DIRECTIONS FOR THIS TASK:
Repeat, word for word, each of the records shown below, without their pictures.

DATA FOR THIS TASK:
================================

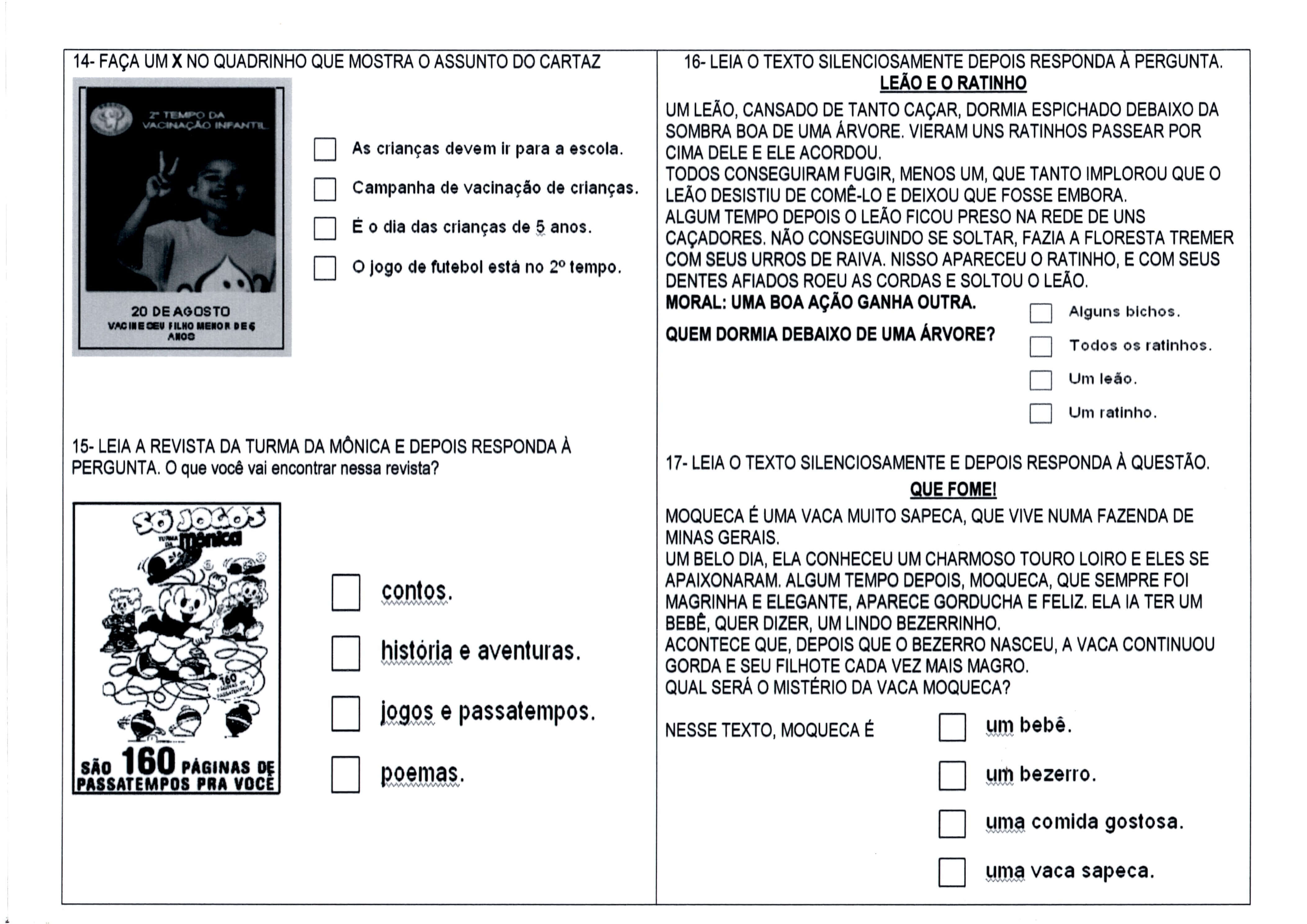 Simulado Provinha Brasil-Parte 4. Atividade que permite simular a provinha Brasil que o professor mantenha objetividade e possa aferir o conhecimento dos alunos e possui 5 partes.
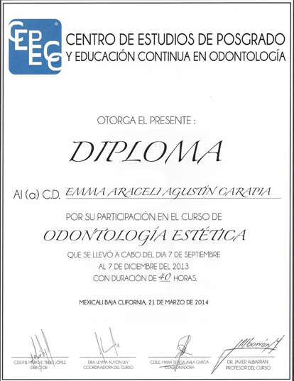 • Diplomado en Implantología, Universidad Autónoma de Baja California.
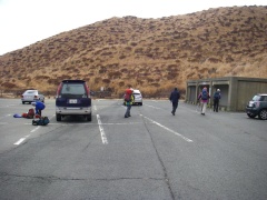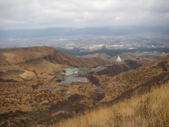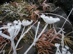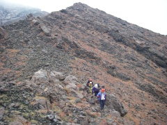 2009年12月6日 天気曇り 自然観察とボランティア山の会の1月例会登山は阿蘇高岳の予定である。今日はその下見ということでいつものようにチューさんの車に7名乗車し、小倉をAM5時半に出発して仙酔峡に着いたのは9時を過ぎていた。今日はかなり寒く高岳はガスっている。山頂まで行けるかどうか・・・・・ 準備をして出発である。(トイレがきれいなっていた。) コースは仙酔尾根(バカ尾根言われている)をひたすら歩き高岳から中岳へと回りロープウエィ沿いに降りてくる計画である。ところが山頂手前で風が強く、あまりに寒くておそらく山頂はもっと強いだろうと予測できるため登頂を断念することにした。また、この尾根は溶岩でデコボコしているのでおそらくアイゼンでの歩行にも苦労するということで来月の例会登山は、場所を変更することになった。来る途中、九重を通ってきたのだが、その樹氷の素晴らしさに全員一致で「やっぱり九重にしよう」となった。と言うことで今日の高岳は途中で断念となった。 おわり |
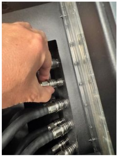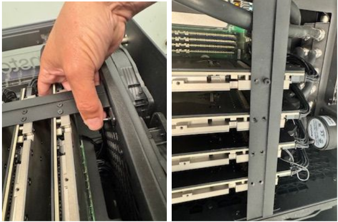 Pull the quick-disconnect shield back and gently pull the hoses to detach the cooling tubes from the cards.
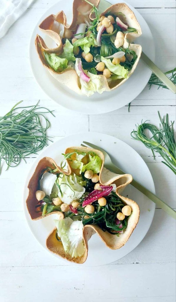 São um prato único completo os cestinhos de salada com agretti, completados com grão-de-bico, avelãs e ervas aromáticas.
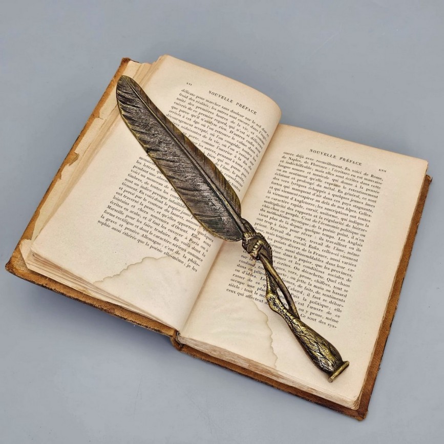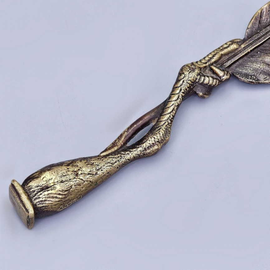 Prin compoziția sa sculpturală și simbolistica asociată scrisului, acest coupe-papier reprezintă un exemplu rafinat de orfvrărie utilitară
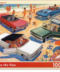 Op deze puzzel van New York Puzzle Company staat een vintage adverentie afgebeeld van General Motors. Op de advertentie is te zien hoe mensen genieten van een dagje strand mét hun prachtige cabrio's! De puzzel heeft 1000 stukjes en heeft een linnen stijl afwerking zodat de puzzel minder glimt. Aanbevolen leeftijd: 13+ jaar.
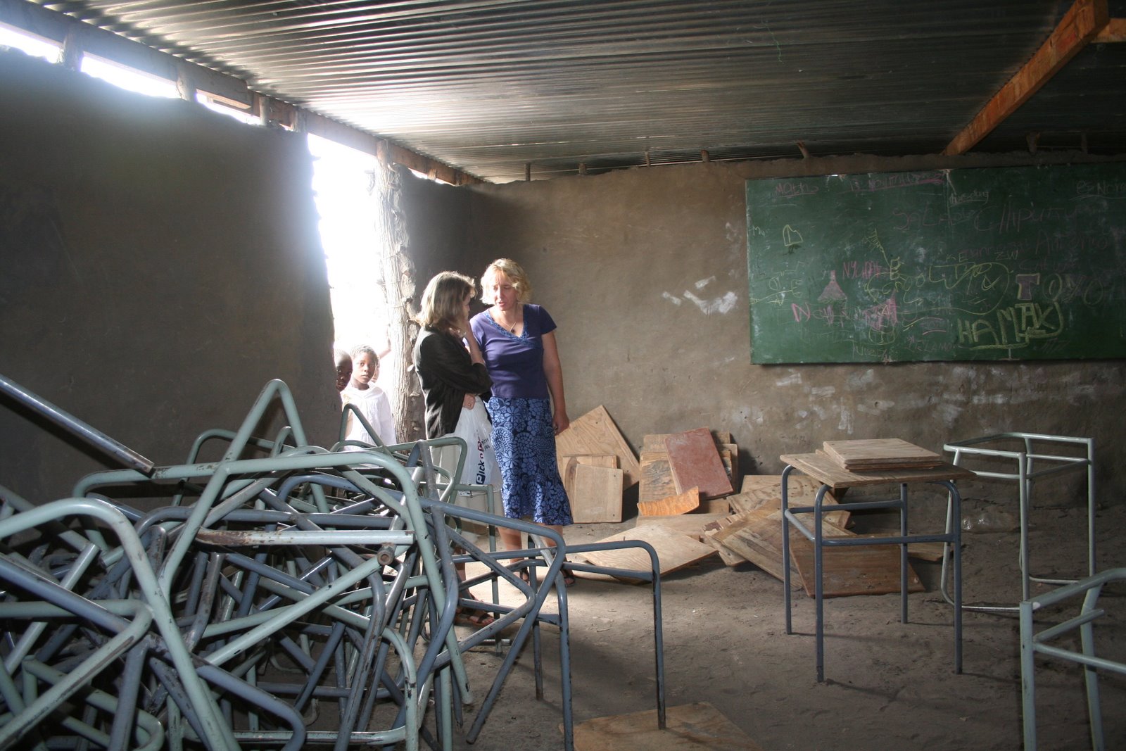 In the USA there is a volunteer association called the Peace Corps, rather like VSO. Usually young people take a year or two out of college before they start work and volunteer as teachers or other aid workers. Mubiza had a Peace Corps volunteer two years ago and he had the class under the tree! He loved the school so much that when he went home to the states his family and various relatives collected enough money to build a whole new classroom block – so no more teaching under the tree.
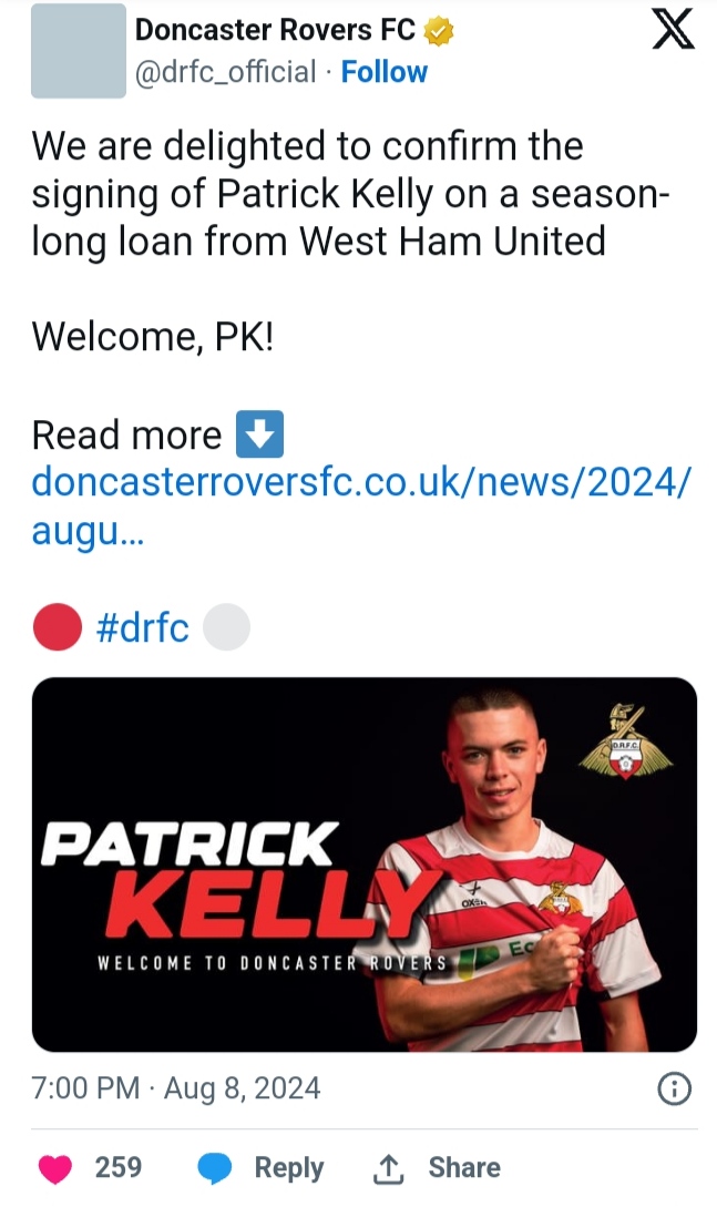 The hope is that Kelly’s loan spell with Doncaster will be successful, allowing him to return to West Ham in a stronger position to challenge for a spot in Lopetegui’s first team, ideally after helping Doncaster Rovers secure promotion to League One.
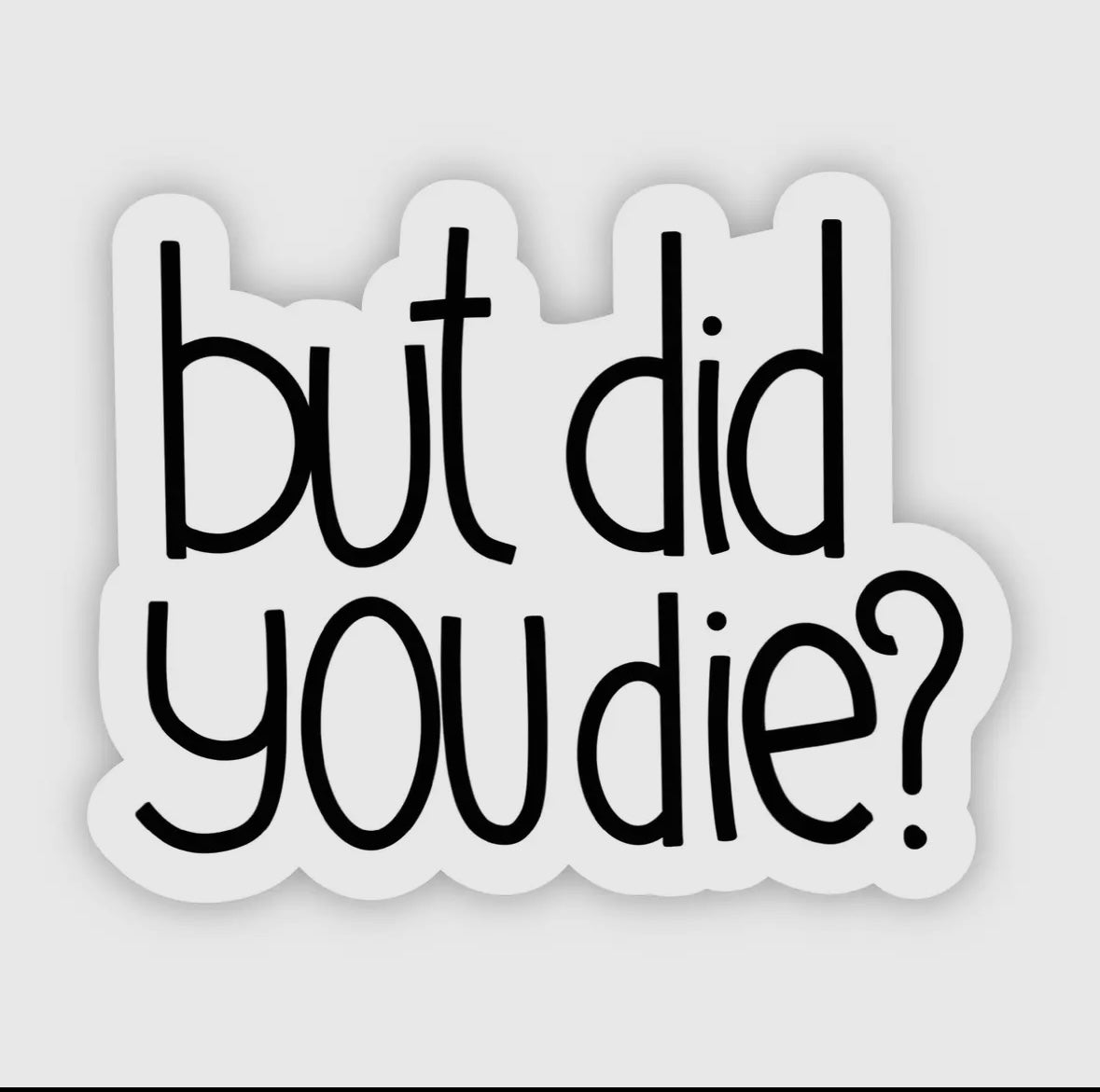 Whether you’re decorating your gear or giving it to a fellow adventurer, the "But Did You Die?" sticker is a statement that screams resilience and humor.
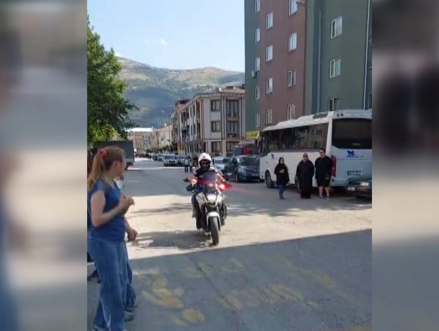 Kazım BULUT/GEMLİK (Bursa), (DHA)-BURSA’nın Gemlik ilçesinde, Liselere Geçiş Sistemi (LGS) kapsamındaki merkezi sınava girmek için geldiği okul önünde kimliğini unuttuğunu fark eden öğrenci, motosikletli trafik polisi tarafından sınava yetiştirildi. Milli Eğitim Bakanlığı tarafından 8'inci sınıf öğrencileri için düzenlenen LGS’ye, Bursa’da 139 okul, 2 bin 618 salonda, 40 bin 417 öğrenci katıldı. 5 bin 800 öğretmenin görev aldığı sınav kapsamında 810 polis de okul çevrelerinde güvenliği sağladı. Saat 09.30'da başlayan ve Türkçe, T.C. İnkılap Tarihi ve Atatürkçülük, Din Kültürü ve Ahlak Bilgisi ile Yabancı Dil sorularının yer aldığı ilk oturum saat 10.45'te sona ererken, 11.30'da başlayan 2’nci oturum ise saat 12.50'de bitti. Gemlik ilçesi Şehit Esat Akbaba Okulu'nda LGS’ye girecek bir öğrenci, kimliğini evinde unuttuğunu fark etti. Öğrenciyi, evine götürün ve kimliğini almasını sağlayan motosikletli trafik polisi, son anda onu sınava yetiştirdi. Okul çevresinde çocuklarını bekleyen veliler de o anları cep telefonuyla görüntüledi. (DHA)
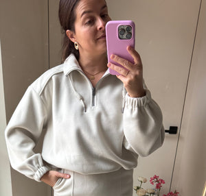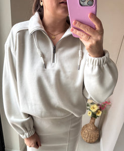 Balloon Sweatshirt With Zipper Cloud Grey Melange - YAYA

================================

RESPONSE FOR THIS EXERCISE:
 Simulado Provinha Brasil-Parte 4. Atividade que permite simular a provinha Brasil que o professor mantenha objetividade e possa aferir o conhecimento dos alunos e possui 5 partes.
 • Diplomado en Implantología, Universidad Autónoma de Baja California.
 2009年12月6日 天気曇り 自然観察とボランティア山の会の1月例会登山は阿蘇高岳の予定である。今日はその下見ということでいつものようにチューさんの車に7名乗車し、小倉をAM5時半に出発して仙酔峡に着いたのは9時を過ぎていた。今日はかなり寒く高岳はガスっている。山頂まで行けるかどうか・・・・・ 準備をして出発である。(トイレがきれいなっていた。) コースは仙酔尾根(バカ尾根言われている)をひたすら歩き高岳から中岳へと回りロープウエィ沿いに降りてくる計画である。ところが山頂手前で風が強く、あまりに寒くておそらく山頂はもっと強いだろうと予測できるため登頂を断念することにした。また、この尾根は溶岩でデコボコしているのでおそらくアイゼンでの歩行にも苦労するということで来月の例会登山は、場所を変更することになった。来る途中、九重を通ってきたのだが、その樹氷の素晴らしさに全員一致で「やっぱり九重にしよう」となった。と言うことで今日の高岳は途中で断念となった。 おわり |
 Pull the quick-disconnect shield back and gently pull the hoses to detach the cooling tubes from the cards.
 São um prato único completo os cestinhos de salada com agretti, completados com grão-de-bico, avelãs e ervas aromáticas.
 Prin compoziția sa sculpturală și simbolistica asociată scrisului, acest coupe-papier reprezintă un exemplu rafinat de orfvrărie utilitară
 Op deze puzzel van New York Puzzle Company staat een vintage adverentie afgebeeld van General Motors. Op de advertentie is te zien hoe mensen genieten van een dagje strand mét hun prachtige cabrio's! De puzzel heeft 1000 stukjes en heeft een linnen stijl afwerking zodat de puzzel minder glimt. Aanbevolen leeftijd: 13+ jaar.
 In the USA there is a volunteer association called the Peace Corps, rather like VSO. Usually young people take a year or two out of college before they start work and volunteer as teachers or other aid workers. Mubiza had a Peace Corps volunteer two years ago and he had the class under the tree! He loved the school so much that when he went home to the states his family and various relatives collected enough money to build a whole new classroom block – so no more teaching under the tree.
 The hope is that Kelly’s loan spell with Doncaster will be successful, allowing him to return to West Ham in a stronger position to challenge for a spot in Lopetegui’s first team, ideally after helping Doncaster Rovers secure promotion to League One.
 Whether you’re decorating your gear or giving it to a fellow adventurer, the "But Did You Die?" sticker is a statement that screams resilience and humor.
 Kazım BULUT/GEMLİK (Bursa), (DHA)-BURSA’nın Gemlik ilçesinde, Liselere Geçiş Sistemi (LGS) kapsamındaki merkezi sınava girmek için geldiği okul önünde kimliğini unuttuğunu fark eden öğrenci, motosikletli trafik polisi tarafından sınava yetiştirildi. Milli Eğitim Bakanlığı tarafından 8'inci sınıf öğrencileri için düzenlenen LGS’ye, Bursa’da 139 okul, 2 bin 618 salonda, 40 bin 417 öğrenci katıldı. 5 bin 800 öğretmenin görev aldığı sınav kapsamında 810 polis de okul çevrelerinde güvenliği sağladı. Saat 09.30'da başlayan ve Türkçe, T.C. İnkılap Tarihi ve Atatürkçülük, Din Kültürü ve Ahlak Bilgisi ile Yabancı Dil sorularının yer aldığı ilk oturum saat 10.45'te sona ererken, 11.30'da başlayan 2’nci oturum ise saat 12.50'de bitti. Gemlik ilçesi Şehit Esat Akbaba Okulu'nda LGS’ye girecek bir öğrenci, kimliğini evinde unuttuğunu fark etti. Öğrenciyi, evine götürün ve kimliğini almasını sağlayan motosikletli trafik polisi, son anda onu sınava yetiştirdi. Okul çevresinde çocuklarını bekleyen veliler de o anları cep telefonuyla görüntüledi. (DHA)
 Balloon Sweatshirt With Zipper Cloud Grey Melange - YAYA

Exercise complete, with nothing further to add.